E proprio per non essere travolti dall’ennesima spremitura fiscale – con le super-accise renziane si pagherebbe una imposta di 36 euro per ettolitro – i produttori di birra hanno chiesto all’Esecutivo di bloccare l’aumento previsto dal primo gennaio 2015. A tale proposito, le organizzazioni imprenditoriali del settore hanno divulgato un dato allarmante: il crollo del 26 per cento nel consumo di birra registrato nell’ultima estate. Crollo che, a parere di questi ultimi, non può essere addebitato unicamente ad un clima sfavorevole, bensì in gran parte ad una fiscalità settoriale a dir poco feroce.

Tuttavia, conoscendo i gravi problemi di bilancio del Governo in carica, essenzialmente causati da un’impostazione di fondo sempre più elettoralistica, sarà assai difficile che l’appello dei birrai italiani venga accolto. Con la prospettiva di una ripresa ferma al palo, la quale avvicina pericolosamente il voto anticipato, la forsennata esigenza di fare cassa per il duo Renzi-Padoan diventerà sempre più prioritario.

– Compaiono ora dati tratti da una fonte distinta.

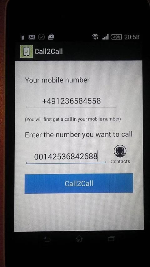 Сначала вы должны указать свой номер мобильного телефона, а затем номер, который вы хотите, чтобы call.you можно ввести номер, где вы хотите, чтобы вызвать вручную или вы можете напрямую скачать его от вас контактов. После этого вы впервые получили вызов в вашем мобильном телефоне, когда вы получаете звонок, Вы будете соединены с номером назначения.

D’altro canto, il furbetto che occupa Palazzo Chigi, avendo puntato tutto sull’effetto trainante della ripresa mondiale, non sembra intenzionato a restare in sella fino al 2018, con il rischio di trovarsi col classico cerino acceso in mano. Molto meglio raschiare il fondo del barile dei debiti e delle imposte, così da poter regalare altri vergognosi bonus alla sua ampia platea di consenso. E se tanto mi da tanto, birra o non birra, per proteggersi dalle prossime mitragliate fiscali dell’Esecutivo che abbassa le tasse, non resta che metterci l’elmetto.